Thread: Web Hacking Toolkit--punter

Tweet

Web Hacking Toolkit

When doing a manual security assessment of a web application you generally only require a web browser and a local proxy server that allows you to trap and modify requests. Aside from those basic tools, there are a few others that come in handy. This page is dedicated to the tools I use, or that I find useful.
The Starting Team

* Mozilla FireFox - If your not using this browser for your normal browsing activity… you should. There are enough security problems with IE to encourage such a choice, and if you want to do any security hacking/auditing this will become an invaluable tool. One of the major benefits of FireFox comes in the form of the great number of extensions available. Here are some useful ones
o Web Developer - This plugin adds a toolbar full of useful tools for both web developers and web hackers alike.
o SwitchProxy - Quickly and easily switch between your local proxy server and direct connections.
o LiveHTTP Headers - This allows you to quickly view the header traffic to and from your browser without the need for connecting to a local proxy server
o User Agent Switcher - This plugin allows you to quickly and easily change the User Agent string sent to the webserver. Sometimes apps are designed to generate different output based on the browser type and this could result in the execution of a different chunk of code.

*
o My full FireFox extensions list - There are additional extensions I use, but they don’t really belong in this list.
* Paros Proxy - This is a local proxy server that allows you to have your own man in the middle to use for recoding the full traffic between your browser and the web server. Paros allows you to “trap” the requests and responses in a way that you have to approve each and are able to modify any of the traffic before it gets to its intended destination. Note: Requires a working Java environment.
* ntoinsight and ntoweb - ntoinsight is a great crawler that will inventory the site and generate a cool report of the attackable locations on the site. Adding ntoweb allows it to execute the nikto checks and add the findings to the report.
* Cross Site Scripting cheatsheet - This appears to be the definitive list of ways to accomplish XSS and work around various input validation or complicated ways to make sure the resulting injection accomplishes what you want.

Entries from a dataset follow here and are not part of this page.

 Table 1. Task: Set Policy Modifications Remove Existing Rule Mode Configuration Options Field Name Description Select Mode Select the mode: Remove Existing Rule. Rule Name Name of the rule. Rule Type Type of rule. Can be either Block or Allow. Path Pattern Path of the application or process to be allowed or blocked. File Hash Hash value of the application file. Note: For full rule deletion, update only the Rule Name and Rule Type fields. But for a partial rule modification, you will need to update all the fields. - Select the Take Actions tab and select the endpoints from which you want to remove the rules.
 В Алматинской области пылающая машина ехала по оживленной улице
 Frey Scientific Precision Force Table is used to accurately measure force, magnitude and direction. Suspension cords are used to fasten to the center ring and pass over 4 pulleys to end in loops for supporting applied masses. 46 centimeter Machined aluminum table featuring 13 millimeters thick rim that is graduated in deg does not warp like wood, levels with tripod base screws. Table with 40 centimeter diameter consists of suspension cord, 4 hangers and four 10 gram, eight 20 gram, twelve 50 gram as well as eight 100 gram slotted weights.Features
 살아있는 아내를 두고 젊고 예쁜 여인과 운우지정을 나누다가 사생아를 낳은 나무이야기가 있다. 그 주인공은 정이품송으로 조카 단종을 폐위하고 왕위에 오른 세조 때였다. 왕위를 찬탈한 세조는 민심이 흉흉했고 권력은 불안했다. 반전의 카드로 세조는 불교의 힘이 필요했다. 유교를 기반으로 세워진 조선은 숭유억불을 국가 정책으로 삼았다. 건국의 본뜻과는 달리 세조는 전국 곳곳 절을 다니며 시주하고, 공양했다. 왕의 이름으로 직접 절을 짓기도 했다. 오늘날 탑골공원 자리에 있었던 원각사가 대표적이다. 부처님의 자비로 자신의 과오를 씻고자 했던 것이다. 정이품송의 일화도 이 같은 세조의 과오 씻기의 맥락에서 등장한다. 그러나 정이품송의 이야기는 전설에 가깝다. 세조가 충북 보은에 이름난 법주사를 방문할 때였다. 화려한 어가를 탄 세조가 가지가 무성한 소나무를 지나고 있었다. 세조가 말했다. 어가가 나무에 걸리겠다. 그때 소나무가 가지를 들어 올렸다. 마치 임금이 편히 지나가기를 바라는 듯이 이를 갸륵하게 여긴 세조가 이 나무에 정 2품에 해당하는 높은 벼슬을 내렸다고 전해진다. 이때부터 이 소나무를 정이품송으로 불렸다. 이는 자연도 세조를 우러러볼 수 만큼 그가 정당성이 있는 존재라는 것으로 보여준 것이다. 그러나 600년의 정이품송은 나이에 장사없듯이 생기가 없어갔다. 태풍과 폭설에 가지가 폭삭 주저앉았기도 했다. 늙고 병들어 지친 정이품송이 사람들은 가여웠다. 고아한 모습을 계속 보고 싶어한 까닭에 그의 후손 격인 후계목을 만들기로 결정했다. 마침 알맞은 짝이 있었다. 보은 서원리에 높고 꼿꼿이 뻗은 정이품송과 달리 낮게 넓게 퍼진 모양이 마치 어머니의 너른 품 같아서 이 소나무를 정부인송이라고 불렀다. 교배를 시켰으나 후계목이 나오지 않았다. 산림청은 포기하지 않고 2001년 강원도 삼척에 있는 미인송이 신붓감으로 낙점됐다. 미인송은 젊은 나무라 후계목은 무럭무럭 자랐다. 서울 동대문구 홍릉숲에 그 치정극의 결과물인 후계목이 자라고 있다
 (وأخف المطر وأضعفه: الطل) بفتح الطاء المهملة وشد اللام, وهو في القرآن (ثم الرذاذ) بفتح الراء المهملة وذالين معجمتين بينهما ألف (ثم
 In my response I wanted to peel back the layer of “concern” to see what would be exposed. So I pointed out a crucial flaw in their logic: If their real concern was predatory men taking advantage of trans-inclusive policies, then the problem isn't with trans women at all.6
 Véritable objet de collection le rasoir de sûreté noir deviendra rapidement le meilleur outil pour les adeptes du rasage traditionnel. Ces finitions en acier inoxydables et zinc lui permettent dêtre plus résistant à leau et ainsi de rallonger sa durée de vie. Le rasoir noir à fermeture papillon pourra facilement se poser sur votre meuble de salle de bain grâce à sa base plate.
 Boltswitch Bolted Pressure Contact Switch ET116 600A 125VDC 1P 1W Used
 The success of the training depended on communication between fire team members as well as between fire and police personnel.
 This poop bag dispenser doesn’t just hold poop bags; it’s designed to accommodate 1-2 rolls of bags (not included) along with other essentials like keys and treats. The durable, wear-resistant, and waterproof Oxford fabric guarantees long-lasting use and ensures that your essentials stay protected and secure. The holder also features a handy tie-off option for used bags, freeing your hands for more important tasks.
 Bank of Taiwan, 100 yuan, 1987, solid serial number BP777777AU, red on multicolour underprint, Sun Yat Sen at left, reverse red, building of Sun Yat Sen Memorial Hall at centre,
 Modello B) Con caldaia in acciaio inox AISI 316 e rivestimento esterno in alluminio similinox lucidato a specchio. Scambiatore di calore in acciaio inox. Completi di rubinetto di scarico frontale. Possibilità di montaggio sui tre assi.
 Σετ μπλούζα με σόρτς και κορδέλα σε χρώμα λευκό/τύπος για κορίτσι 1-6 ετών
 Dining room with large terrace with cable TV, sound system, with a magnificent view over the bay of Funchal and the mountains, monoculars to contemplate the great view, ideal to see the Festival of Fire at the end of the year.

Often Benchwarmers, but good to have around

* Burp Proxy - While I prefer Paros for my own use, Burp Proxy is a great tool and is actually designed more specifically for web app hacking. Note: Requires a working Java environment.
* Burp Suite - The Burp Suite, which includes the Burp Proxy is a complete set of tools for doing attacks. It includes the following Burp tools: proxy, spider, intruder and repeater. Note: Requires a working Java environment.
* DSniff (for Windows) - Old school spoofing, intercept and monitoring communication tools.
* Ettercap (for Windows) - Similar to DSniff, but more user-friendly.
* LibWhisker - Perl library that provides functions for manipulating HTTP and HTML. Can be used to create your own hacking scripts.
* Nikto - Known vuln web server and application scanner (uses LibWhisker).
* Stunnel - Allows you to use any normal hacking script that works over HTTP but not HTTPS. Stunnel can handle the encryption layer and tunnel the traffic.
* NetCat (for Windows) - Known as “The TCP/IP swiss army knife”. This is just a generally useful networking tool.


Other lists of tools

* Top 75 Security Tools by Insecure.org - A great list of web app sec and general network sec tools.